Before we undertook walking the experience, Libby described how the labyrinth had a mouth, paths or circuits, walls and a gaol (or labyrinth centre). In pre-Christian times, there was a Cretan labyrinth with a cross at the centre and a number of circuits, while on the floor of Chartres Cathedral (sometimes called the Christian labyrinth), there are four quadrants and the path covers the area in unexpected ways.

The walk itself into and out from the labyrinth contains three stages: purgation, illumination, and union. In simpler terms, this could be called releasing or letting go of the cares of the world; receiving or meditating to receive what is available to you; and returning, or rejoining the world and reintegrating your experience as you walk back along the same path.

Later we took off our shoes and some of us our socks; we felt the mat with its lines beneath us; we walked within the lines; gave way to those coming out of the centre; we sometimes stopped; we listened; some if us slowed down; we told ourselves "I am a pilgrim seeking ..."

The reactions and feelings we exchanged later in a circle were surprisingly different: a slowing down; a calmness; a stillness; the ever-present mat; a defined path; safety; a keen sense of anticipation; a sense of structure; a spiritual dimension to being in a crowd.
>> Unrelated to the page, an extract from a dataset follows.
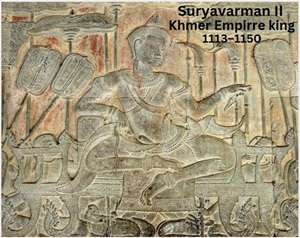 Hình 16.Vua Suryavarman II (1113 -1150), vua đế chế Khmer được miêu tả trong một bức phù điêu tại Angkor Wat. Vua Suryavarman II đã từng xâm chiếm Champa từ năm 1145 và thất bại Champa năm 1150. Ảnh: Khmer.

Others felt distracted; or contented; one noticed her shadow; another gazed through a window at the uneven chancel stonework of St Peter's church exterior.

So the object of the exercise, to give a structured prayerful experience, came to us in different ways. So if in the future some of us take part in a labyrinth walk, whether it is Chartres or Glen Iris, in Grace Cathedral or somewhere else, it may help us to connect in a relaxed way; when we take a light with us with our lit candles; or help us to change our posture; to breathe better; to heighten our sense of freedom or to reconnect with previous experiences of other labyrinths or places in our memory.
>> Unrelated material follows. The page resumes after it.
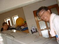 | さつまいも 家内の誕生日、4?才、いつものことであるが、朝のうちは覚えててよし!わすれんとこ! 何か買いに行こうと思うのであるが、次に思い出すのは仕事が終わって帰ってきてからである。 ところが今年は運が良かった。 冷蔵庫の商談で酒屋さんに立ちより、寸法を測りに台所へ そこにおいしそうなでかいサツマイモがおいてあった。それが目に入ったとたん、家内を思い出し たのである。 おいしそうな芋ですね〜 うちで作ったの、ひとつもってかえる? 今日は家内の誕生日なので喜ぶかも・・・ それなら、ちゃんとリボンつけて包装しなくちゃあね リボン付のサツマイモだ!! 見事な誕生日プレゼントの出来上がりである。 それだけではと思い、ついでに手作りのアートフラワーを買った。 最近は酒屋にこんなものまでおいてあるのである。ラッキーだった。 今年の誕生日は例年に無く盛り上がったのは言うまでも無い。 |

Later we drew a Classical labyrinth in crayon in the Hughes Room, quite a mathematical challenge. We walked the labyrinth again as we meditated on the healing of the blind beggar Barthimaeus. We sang a final hymn before receiving a blessing, after an enlightening, if somewhat unorthodox Saturday journey, while it rained hard outside. Libby Delbridge had inspired us to think outside the pilgrim norms and had brought a new way to undertake our closer walk with God during this Lent, and beyond.